Written by CD Reviews, Music

The influencer becomes the influenced as Gary Numan’s new album sounds just like a classic electronic disc from more than a decade ago.

Where to start with Gary Numan? I mean, we’re talking a pioneer of electronic music. This is the guy that put a commercial spin on otherwise harsh music and made it listenable for the masses and in the last three decades you could probably name 100 groups influenced by him. But quick, name the last record he put out that was great from front to back? As I’m here talking about his 21st album it seems odd to say that it was 1980’s Telekon but hell, unless you are a dedicated fan of his, you might not even know he’s still making music.

For at least the last decade to decade and a half it has felt that Gary Numan was simply two steps behind the pack with each album. Every record had a handful of good tracks on them but he has put out some terribly boring tunes over the years as well. It seems less about being a pioneer these days and more about fitting into the times of which he still seems to have relatively little clue as to what’s going to work for him. But I’m not sure that I should be expecting anything really new and inovative from him. He’s 53, had his moment in the sun and is still rockin’ to his own BPMs. However, I do think that for someone with so much talent, something better has to be inside him.

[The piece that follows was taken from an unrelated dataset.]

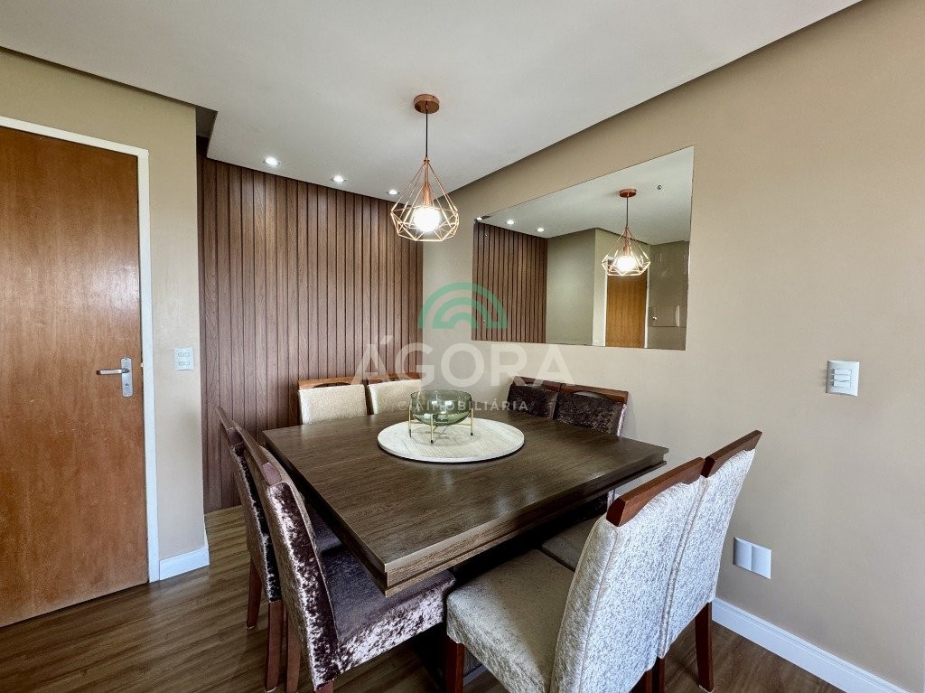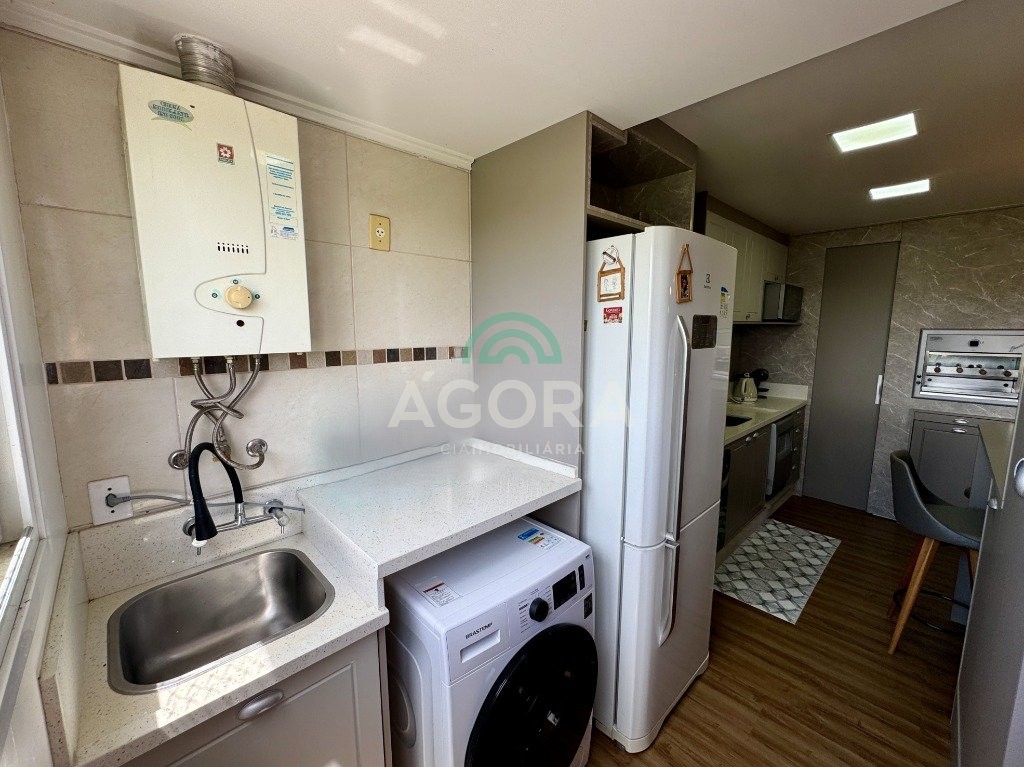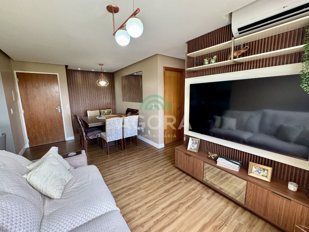 Apartamento impecável, medindo 63m² privativos, com 2 (dois) dormitórios, 1 (uma) vaga de garagem coberta, semi-mobiliado, com dispensa embutida, rebaixo em gesso, churrasqueira, banheiro social, living e água quente. Edifício com elevador, salão de festas, porteiro eletrônico, espaço goumert, monitoramento por câmeras.

Dead Son Rising is somewhere in the middle of all the things I’ve just said. Apparently parts of all these songs were written for other records and have taken a new path since their inception. Of the 11 tracks you have two instrumentals, two versions of “Not the Love We Dream Of” and two of “For the Rest of My Life.” There are some big time rock moments on the album, like “Big Noise Transmission” and “The Fall” but it’s balanced out by some mellow and atmospheric tunes like the instrumental “Into Battle” and either version of “Not the Love We Dream Of.”

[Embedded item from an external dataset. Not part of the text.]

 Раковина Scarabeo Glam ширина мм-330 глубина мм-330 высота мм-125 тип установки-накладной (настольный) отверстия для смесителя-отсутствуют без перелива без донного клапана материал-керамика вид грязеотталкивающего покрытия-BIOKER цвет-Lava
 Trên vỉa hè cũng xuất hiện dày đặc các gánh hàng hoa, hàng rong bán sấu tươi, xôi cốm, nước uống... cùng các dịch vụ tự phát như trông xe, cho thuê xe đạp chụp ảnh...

Dead Son Rising is by leaps and bounds the best record he’s put out in decades. It’s certainly very listenable for fans of electronic music and the disc flows extremely well. But the part I just can’t get out of my head is that this is pretty much Nine Inch Nails’ The Fragile. I mean, it’s uncanny how much of a clone this is to the NIN classic. A case of the influencer now being the influenced. Even the one point it doesn’t (“Big Noise Transmission”) starts off as pretty much a re-write of David Bowie’s “I’m Afraid of Americans” which of course Trent Reznor was in the mix for. And this is the part I’m really torn on. The album is pretty damn fantastic and I’m sticking by that but does it lose points because it’s so incredibly similar and thus really dated? I’m a huge Nine Inch Nails fan which is certainly why I enjoy the record as much as I do and I keep thinking to myself that I wish every new Gary Numan record sounded like this so I must be alright with it. But what I’d really like to hear is what Trent thinks of it. Eh, time to go back and listen to the two records back-to-back and get three hours worth of electronic bliss. I’ll forget it’s 2011 for a moment.